At least one in every five temporary or locum consultants operating in hospitals last year was employed without ever having to attend an interview, with many also not required to supply a reference, an unpublished HSE survey obtained by the
Sunday Tribune has revealed.
In findings which are likely to prompt renewed concern about standards of care in hospitals around the country, the study by the HSE's Consultant Appointment Unit (CAU) reveals there were 393 doctors employed in temporary or locum consultant positions ranging from three days duration to "indefinite".
But in 85 cases, HSE-run hospitals said an interview for the position was never held, while in a further 87 instances a response to this question was not provided, meaning the final figure could be significantly higher.
References for the doctors in question were also not received for 50 appointments, meaning they had not been vetted fully in advance of taking up their work. Again, information was not supplied in relation to a further 87 appointments.
The use of locums is known to pose increased risks to patients due to its potential impact on continuity of care and overall standards.
An internal HSE report into the much-publicised misdiagnosis of Ann Moriarty (53) earlier this year said a locum consultant radiologist had misread as normal a chest X-ray carried out on her in June 2007. Her cancer was missed at Ennis hospital and she died last year.
"These figures are alarming, especially given the cases of the misdiagnosis of cancer which were directly attributable to locum and temporary consultants," said Labour spokeswoman Jan O'Sullivan.
"We have come across cases where doctors are coming to Ireland from different countries where they would already have problems with their home register so to think there are not proper procedures in place to check these issues is worrying... I am mostly concerned about the lack of references however, as these are absolutely vital to deem whether the applicant is suitable for the job."

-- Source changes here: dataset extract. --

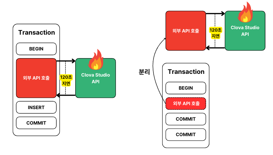 아래 그림은 문제가 되는 외부 API 호출하는 부분을 트랜잭션에서 분리하기 위해서 `외부 API를 호출하는 부분`과 `결과를 저장하는 부분`을 나눈 것을 보여줍니다.

Fine Gael's health spokesman James O'Reilly described the findings of the report as an "absolute disgrace. After all the trauma, and now these figures come to light. We've seen it time and time again that these misdiagnosis scandals arise from inappropriately placed locum and temporary consultants."
At least 112 consultant appointments were not approved by the CAU itself, while in four out of 10 cases – 155 appointments – the consultants in question were not members of the medical council's specialist register.
Among the main areas where the consultants were employed were anaesthetics (79 appointments), surgery (37), obstetrics and gynaecology (26), paediatrics (34), radiology (18) and emergency medicine (9).
Just over one-third of those appointed were Irish, with the remainder drawn from countries such as Britain, India and Pakistan, although responses to this question were not received in 23% of cases.